Men age like wine and women age like milk.
How does that statement make you feel? Doesn’t it make you cringe, knowing that the societal norm dictates that a woman should be unable to accept and even embrace her natural journey through life as comfortably as a man is allowed to?
I think this statement sums up, quite nicely, why women fear aging. But let’s pick apart the reasons behind why such statements even exist and consider some alternative views to aging that allows us to feel more in control of our reactions to a completely uncontrollable experience. Because aging is something that we all encounter, from the day we are born, day in and out until the day we are no more.
First and foremost, we need to understand that we all naturally have a proclivity towards rejecting the very idea of aging. Aging is associated with disease, helplessness and eventually, death. But a disinclination to consider something is somehow very different from fear.
Business creates profits from fear. In the anti-aging business, we are talking like a $200 billion kind of profit. Through clever marketing, women are shown and repeatedly told that aging is associated with failure. It is a process that is cause for embarrassment and your age, once over 21, like other digits you own such as your weight and measurements, are never something to divulge.
A Dermstore poll recently conducted showed that women are using anti-aging products earlier than their elders and in addition, younger generations are experimenting and wearing makeup at a much younger age than was previously considered acceptable. 30% of women under the age of 35, which one in five of these being under the age of 24, are using anti-aging products regularly. Your average millennial began using such products when they were 26, compared to your average 55 year old who began at around the age 47.
At age 40, women can easily become invisible to their employers. The glass ceiling is still a very real barrier with women already earning less than their male counterparts and when you couple sexism with ageism, it can make it extremely difficult for a woman’s worth to be seen.
Likely, a woman has already put her career on hold to raise children and when coming back into the workforce is disadvantaged by several factors of discrimination, including her age which can not only have a negative financial impact but also a negative impact on her emotional wellbeing as well.

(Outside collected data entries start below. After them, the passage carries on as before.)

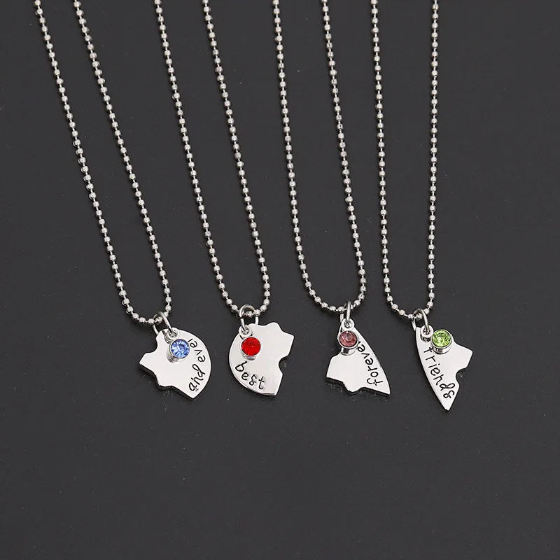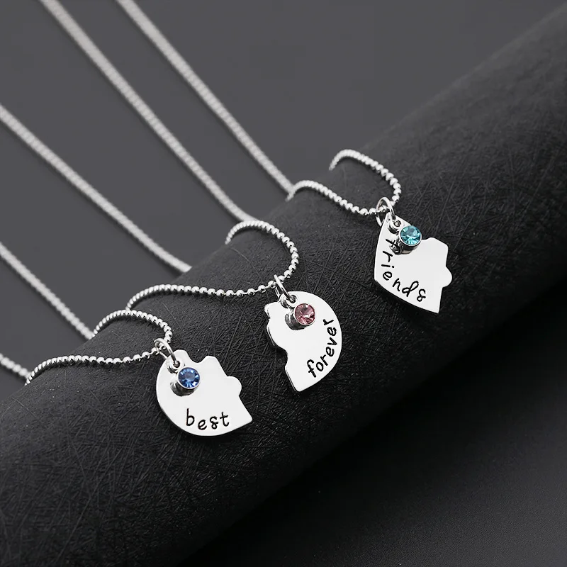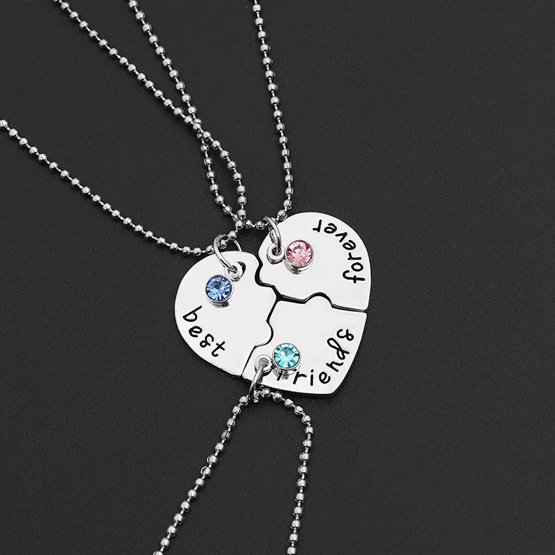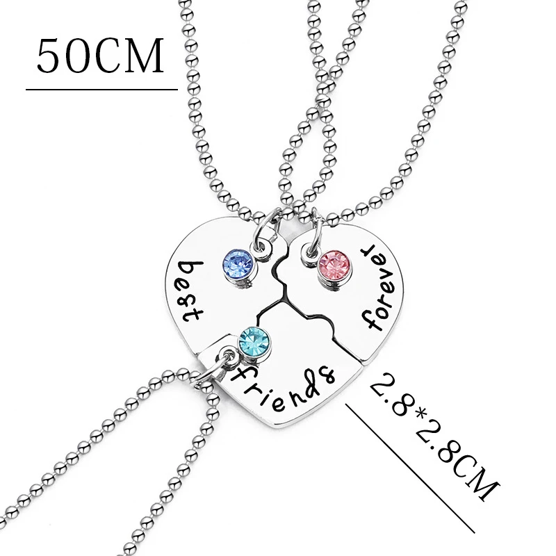 3 Pieces / Set paired Of Friends Forever Letter Pendant Commemorative Friendship 3 Color Rhinestone Chain Necklace
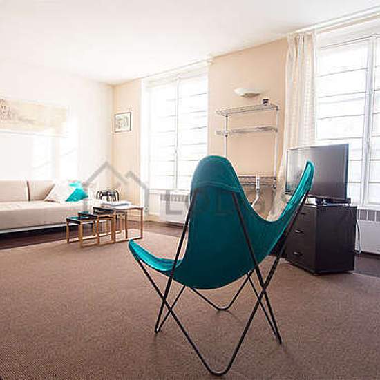 This furnished 36 m² apartment is located on Rue Blainville, in a animated section of Paris 5th district. This large furnished studio rental can accommodate up to 4 people. This bright and peaceful apartment is located on the 3 floor (no lift). It offers a clear view. It is also equipt with all you need to feel like a parisian including Air conditioning, Vacuum cleaner, Cable, Fireplace, Iron, Internet included, Washing machine, Linen, table linens, dish towels, etc. The apartment is accessible by Paris public transportation (Place Monge - J...
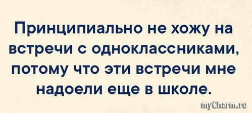 И в этой шутке есть доля правды. Я уехала из станицы где училась, и когда летом приезжаю, то встречаю тех, кто остался там жить. И с каждым разом тем для разговоров все меньше и меньше. Так что то, что я специально не езжу в станицу ради встреч, меня абсолютно не огорчает. Как-то обменивалась с подружками школьными телефонами, поначалу общение было оживленное, потом вовсе сошло на нет. Потому что жизнь другая, далекая друг от друга и интересы теперь у всех другие. Но у кого то получается пронести школьную дружбу через годы, уважаю, но у меня не так, и это тоже нормально
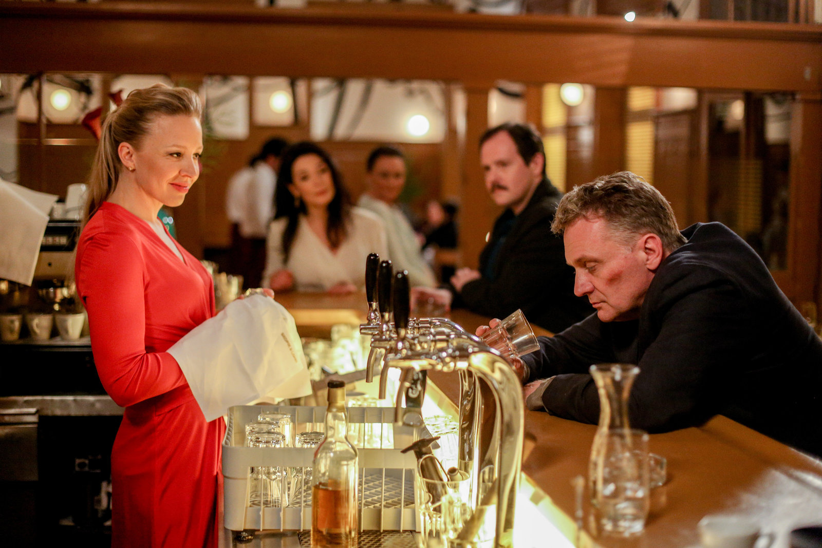 Folge 17Aggressive Stimmung: Juergen Maurer als Georg Schneider, Matthias Franz Stein als Günter, Johannes Nussbaum als Simon Schneider, Gerti Drassl als Maria Schneider, Hilde Dalik als VanessaBild: © SRF/ORF/MR Film/Petro Domenigg
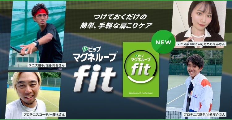 この夏「ピップマグネループfit」は、『佐藤翔吾さん(YouTube)、小倉孝介さん(YouTube)、一藤木良平さん(YouTube)、あめちゃん(TikTok)』のインフルエンサー4名とコラボし、肩コリに悩むテニスプレイヤーを応援する企画を実施します。
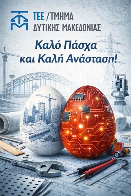 Ο Πρόεδρος του ΤΕΕ/Τμήματος Δυτικής Μακεδονίας, Στέργιος Κιάνας, και η Διοικούσα Επιτροπή του ΤΕΕ/ΤΔΜ σας αποστέλλουν τις θερμότερες ευχές τους για το Πάσχα.
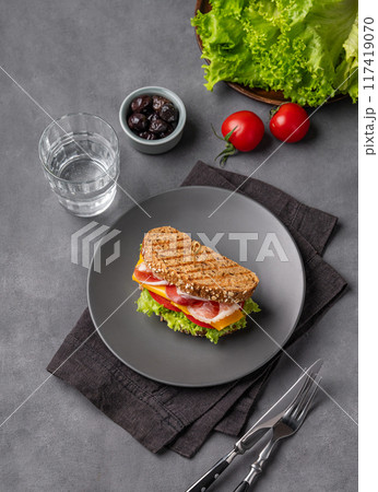 Club sandwich on a wooden plate of ham cheese, cucumber, tomato and lettuce leaves
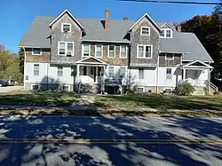 South Kingstown High School was officially established in 1880. The original building was built with funds provided by Rowland G. Hazard and located at 153 School Street, a street intersecting with Columbia Street. In 1909, when construction started on the new Hazard School building, the entire building was moved to 38 School Street and converted into residential apartment buildings where it remains today under the name "School Street Apartments".[9]
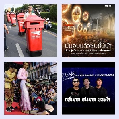 For about one year, the Thai political movement by younger generations such as Free Youth and United Front of Thammasat and Demonstration have given an impact to the society and the government about their demands including the need for Prayuth Chan-ocha to resign from the Prime Minister position, the Thai monarchy reformation and an acceptance of a newly people’s constitution draft. Their political expression depend on creative media like poster and music along with activities such as cosplaying as some members of the Thai monarchy or sending letters to the king within a dustbin painted red like a mailbox.
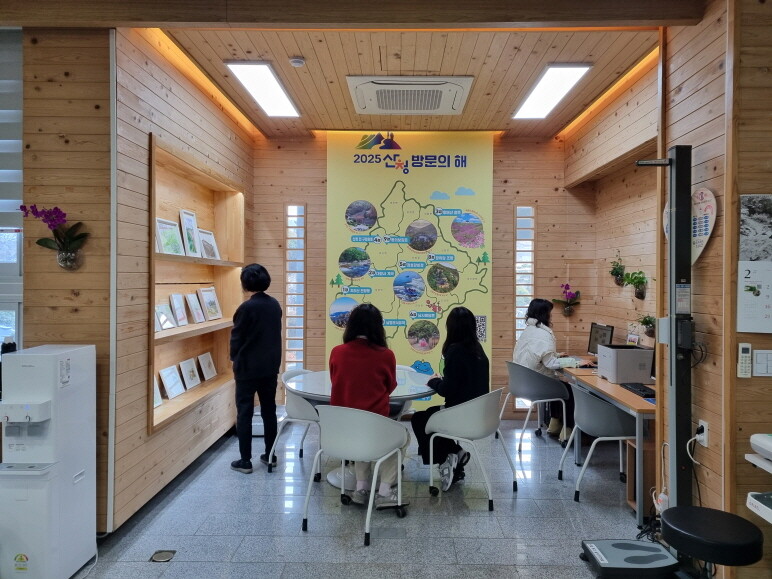 특히 민원인 전용 컴퓨터 2대와 프린터를 편리하게 사용할 수 있도록 구성하는 한편 홍보 공간에는 '2025 산청방문의 해'와 '산청 9경' 관련 자료를 전시해 놨다.
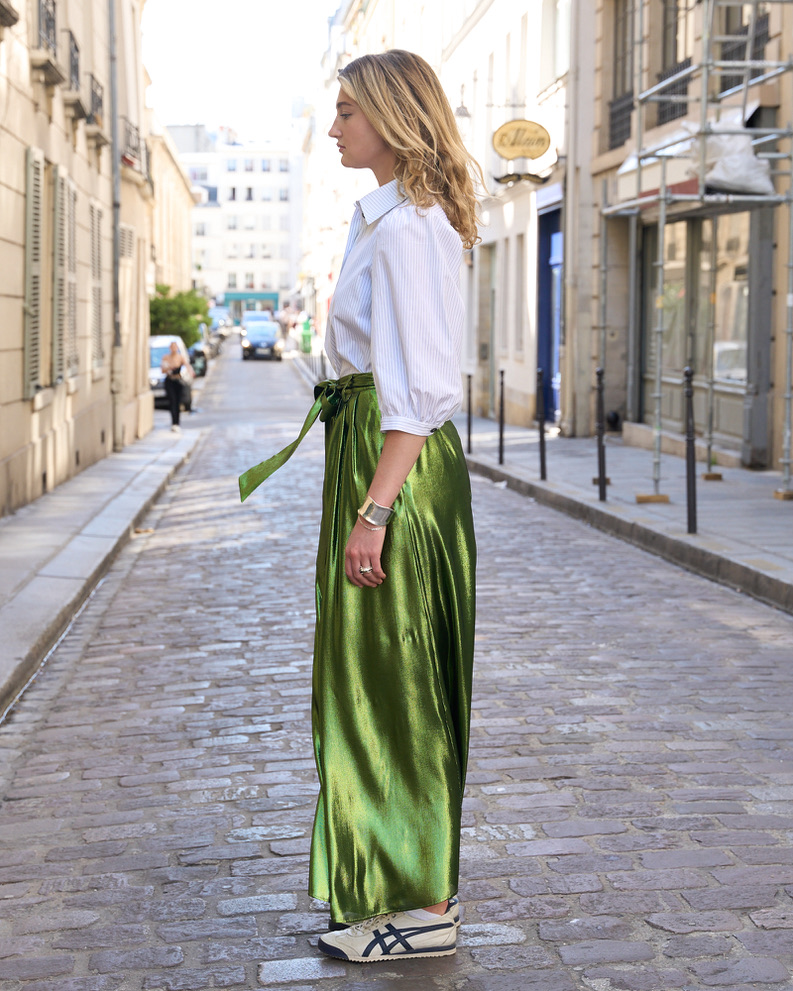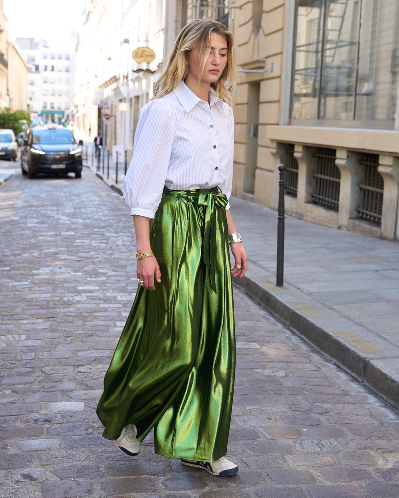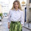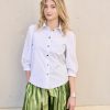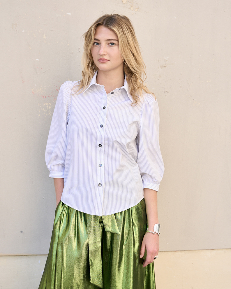 Cotton poplin shirt with fine blue stripes on white, it features puffy sleeves and shell buttons.

Magazines, ads and Hollywood:
Obvious enough to warrant significant placement in this article, following the lives of celebrities can laden us with huge emotional baggage. Actresses and famous models seem to freeze at 35 and those that don’t either fall off the radar or off the wagon, just looking at Demi Moore for example.
The unrelenting pressure of Hollywood whilst dealing with her breakup with younger Ashton Kutcher does make us feel sorry for Moore, but we are all afraid of rejection and watching one’s deep dive only serves to terrify us more, knowing that this could just as easily happen to us.
Speaking of the accumulation of pressure that Demi Moore faced, abandonment is often associated with a woman’s fear of aging. Because many women are at least somewhat financially dependent on their partners, the associated societal acceptance that women do not age as well as men does leave many afraid of the implications of being alone.
Can we find someone else? Can we cope on our own? When looking at the impact of aging on our careers as discussed above, the accumulated concerns easily begin to manifest into a fear which all stems from aging.
So why do women fear aging? Because we have been programmed to believe that our worth is skin deep. It is difficult to fight the bombardment of advertising that hounds us, having us believe they care. Beyond the mirror, aging invokes discrimination that has very real implications on our financial and mental stability, all giving reason to fear the inevitable.
We have some good news.
Although middle aged people are found to be the most unhappy statistically, we do get happier as we get older. “Age is an issue of mind over matter. If you don’t mind, it doesn’t matter”. Thanks, Mark Twain.
Just quickly, simply recognising what your belief systems were when you were growing up can do a lot to help you shift your perspective. If you grew up preparing for the burden of age, the weight of accumulated years on your back, this is exactly how it will feel for you.
Rather than viewing life as a wave that peaks at 40 before riding a steep decline towards the end, perhaps see it as a staircase where you ascend with wellbeing, spirit and wisdom so that you can better lead a life with intention.
As you would have often heard, you are a human being, not a human doing. The value you have in your career does not define you and retirement should not be the end of your worth in society. Leave off asking ‘what do you do for a living?’ and ask instead ‘what do you like doing?’ or ‘what makes you happy?’
Finally, work at recognising that you are not your body. With age comes certainty in yourself, power that is attractive to the right people, wisdom that gives you a deeper understanding and self-love that should have no expiration date.